Directions for this task | The whole listing should come back exactly as written, except for the pictures.

::: Data segment :::

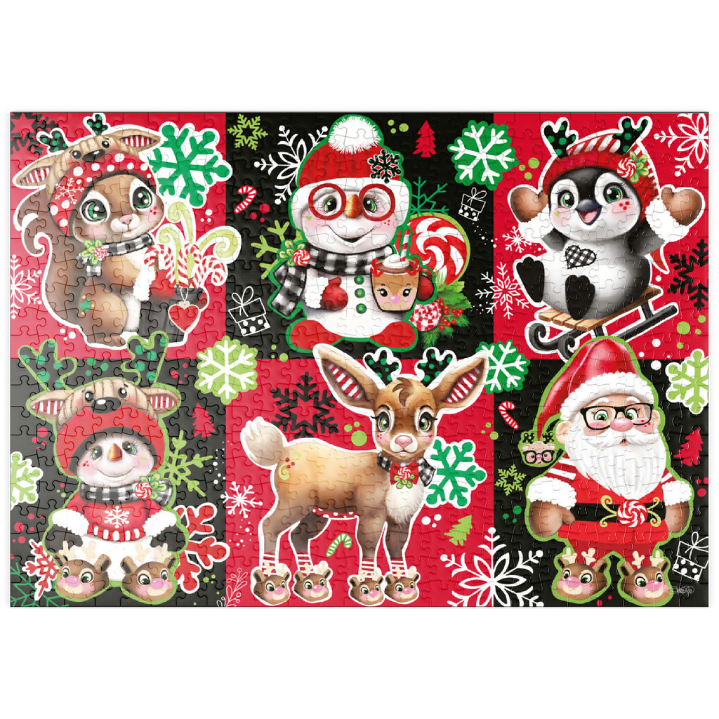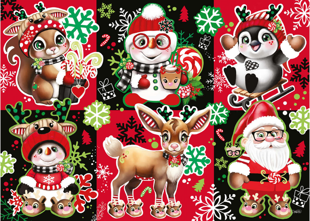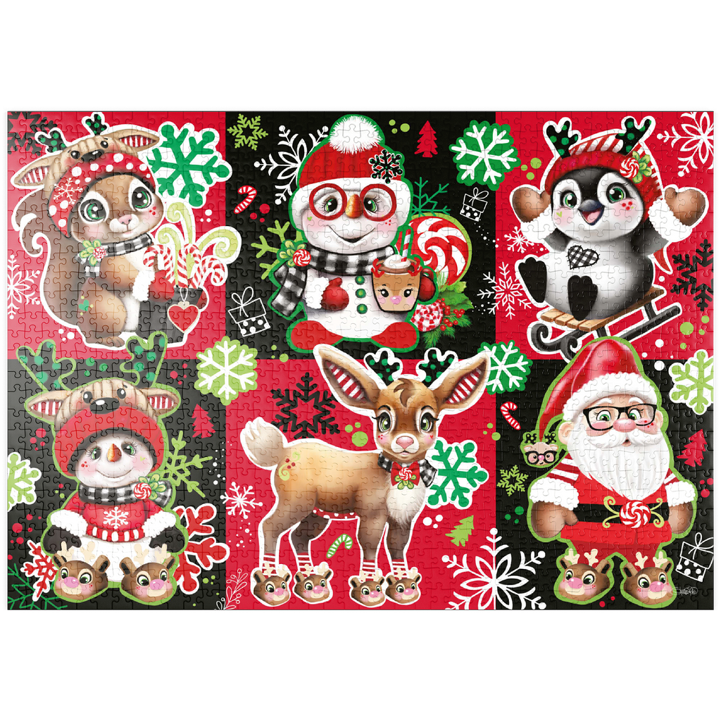 Bringen Sie Weihnachtsstimmung in Ihr Zuhause mit diesem bezaubernden Weihnachts-Charakter-Collagenpuzzle von Sheena Pike, das Puzzelfans jeden Alters begeistern wird. Mit seiner lebhaften und festlichen Farbpalette aus Rot, Grün, Schwarz und Weiß zeigt dieses Puzzle eine entzückende Sammlung von Weihnachtsfiguren – darunter der Weihnachtsmann, fröhliche Waldtiere, Schneemänner und vieles mehr. Jede Figur ist in einem herzerwärmenden Stil illustriert und von Schneeflocken, Zuckerstangen und saisonalen Mustern umgeben, die die Magie von Weihnachten heraufbeschwören. Ob allein oder mit der Familie – dieses Puzzle bietet Spaß und Entspannung zugleich und ist somit eine perfekte Beschäftigung für gemütliche Wintertage oder ein liebevolles Geschenk während der Weihnachtszeit.
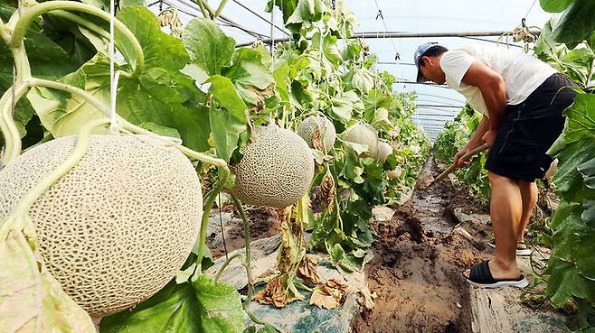 ▲ 20일 오전 전남 나주시 세지면 한 멜론 농장에서 농민이 물에 잠긴 비닐하우스 안 흙을 퍼내고 있다.
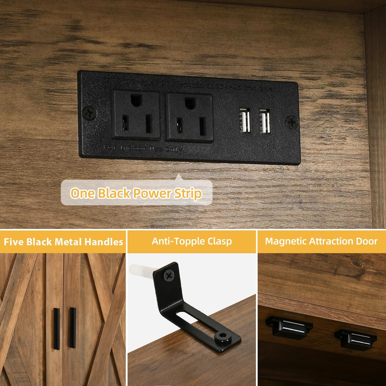 DWVO 67.3" Farmhouse Kitchen Pantry, Storage Cabinet Baker Rack with Power Outlet, Freestanding Hutch with Barn Door & Drawer, Buffet Sideboard with Microwave Stand for Dining Room, Rustic Brown

:::

Worked solution |
 Bringen Sie Weihnachtsstimmung in Ihr Zuhause mit diesem bezaubernden Weihnachts-Charakter-Collagenpuzzle von Sheena Pike, das Puzzelfans jeden Alters begeistern wird. Mit seiner lebhaften und festlichen Farbpalette aus Rot, Grün, Schwarz und Weiß zeigt dieses Puzzle eine entzückende Sammlung von Weihnachtsfiguren – darunter der Weihnachtsmann, fröhliche Waldtiere, Schneemänner und vieles mehr. Jede Figur ist in einem herzerwärmenden Stil illustriert und von Schneeflocken, Zuckerstangen und saisonalen Mustern umgeben, die die Magie von Weihnachten heraufbeschwören. Ob allein oder mit der Familie – dieses Puzzle bietet Spaß und Entspannung zugleich und ist somit eine perfekte Beschäftigung für gemütliche Wintertage oder ein liebevolles Geschenk während der Weihnachtszeit.
 ▲ 20일 오전 전남 나주시 세지면 한 멜론 농장에서 농민이 물에 잠긴 비닐하우스 안 흙을 퍼내고 있다.
 DWVO 67.3" Farmhouse Kitchen Pantry, Storage Cabinet Baker Rack with Power Outlet, Freestanding Hutch with Barn Door & Drawer, Buffet Sideboard with Microwave Stand for Dining Room, Rustic Brown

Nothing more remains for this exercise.